DASH Diet: Powerful Medicine That Doesn’t Come in a Pill
People have known for more than a century that high blood pressure is harmful, yet effective treatments didn’t hit the market until the 1950s. Thanks to the hard work of medical researchers worldwide, a wide variety of medications are now available. This is great, but medications can be costly, and even the very best options have potential side effects.
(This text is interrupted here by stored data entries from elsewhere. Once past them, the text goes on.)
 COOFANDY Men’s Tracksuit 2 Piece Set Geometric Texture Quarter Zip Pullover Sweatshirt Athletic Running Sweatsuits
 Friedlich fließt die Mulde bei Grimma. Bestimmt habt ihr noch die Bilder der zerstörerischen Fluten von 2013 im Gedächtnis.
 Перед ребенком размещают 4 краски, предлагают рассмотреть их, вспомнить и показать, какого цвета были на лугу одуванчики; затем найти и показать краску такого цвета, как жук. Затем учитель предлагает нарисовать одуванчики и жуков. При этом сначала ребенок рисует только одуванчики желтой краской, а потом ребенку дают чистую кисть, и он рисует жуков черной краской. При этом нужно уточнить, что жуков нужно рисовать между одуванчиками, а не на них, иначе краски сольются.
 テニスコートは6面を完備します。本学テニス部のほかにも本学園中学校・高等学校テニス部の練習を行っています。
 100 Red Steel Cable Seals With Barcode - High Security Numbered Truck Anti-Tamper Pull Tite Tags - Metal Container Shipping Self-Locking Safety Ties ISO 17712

Take a look at these stats:
More than two-thirds of people with hypertension need at least two drugs to keep their numbers under control.
Blood pressure medications can be lifesaving, but, depending on the pill, side effects can occur in up to 15 percent of people.
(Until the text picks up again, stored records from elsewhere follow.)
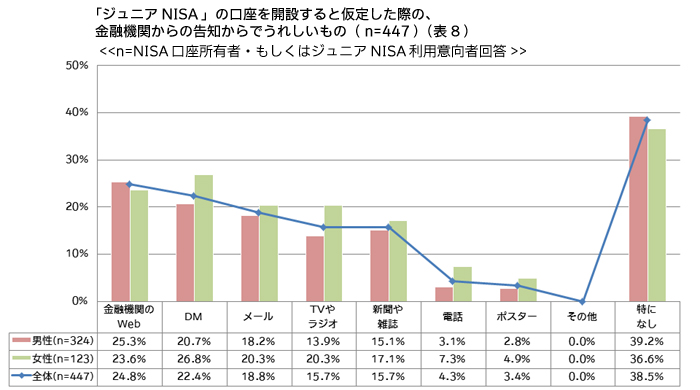 情報を入手するとしたら、金融機関からどのような告知があるとうれしいと思うかを聞いたところ(表8参照)、最も多い回答は「金融機関のWeb」の24.8%でした。次いで「DM」という回答が多く、特に女性ではDMが最も多くなっています。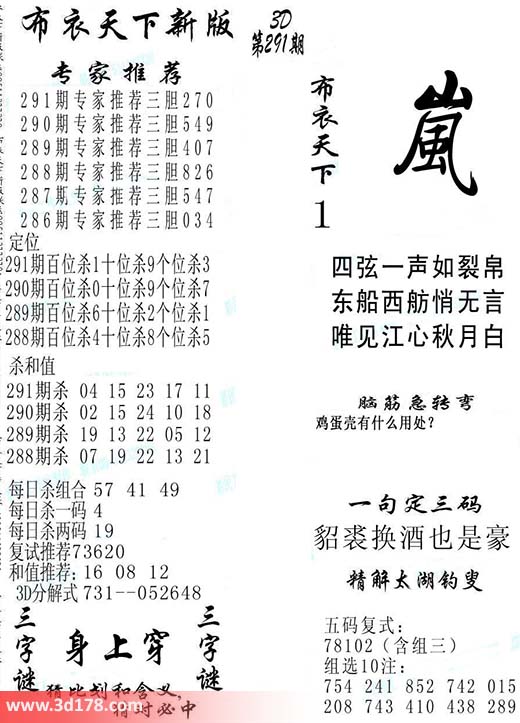 第2015291期福彩3d布衣天下新版:本期3d之家布衣图库3d布衣天下新版详解:定位杀号推荐:百位杀1 十位杀9 个位杀3杀和值推荐:04 15 23 17 11每日杀组合: 57 41 49每日杀一码:4每日杀两码:19复式推荐:73620和值推荐:16 08 123d分解式:731—0526483d布衣图库玄机诗:四弦一声如裂帛,东船西舫悄无言,唯见江心秋月白。该布衣图库由福彩3D之家3D图库频道原创,仅供彩民参考,温馨提供。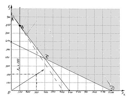Теперь построим вектор исходя из того, что цена на продукты х1-2 руб., а цена на продукт х2-3 руб.

A typical blood pressure pill lowers blood pressure about 10 points — about the same reduction you see when following the Dietary Approaches to Stop Hypertension (DASH) diet.
By cutting sodium to 1,500 milligrams, a low-sodium DASH diet, the effect could be equal to two different drugs (take a look at the following table to see just how effective reducing your daily sodium intake to 1,500 milligrams can be).
|Characteristics||Systolic Blood Pressure (in Millimeters of Mercury)||Diastolic Blood Pressure (in Millimeters of Mercury)|
|Hypertensive||–12 mm Hg||–6 mm Hg|
|Pre-hypertensive||–7 mm Hg||–4 mm Hg|
|Age over 45||–12 mm Hg||–6 mm Hg|
|Age under 45||–6 mm Hg||–3 mm Hg|
|African American (all)||–10 mm Hg||–5 mm Hg|
|White and others (all)||–8 mm Hg||–4 mm Hg|
|Male||–7 mm Hg||–4 mm Hg|
|Female||–11 mm Hg||–5 mm Hg|
Study from the New England Journal of Medicine, 2001.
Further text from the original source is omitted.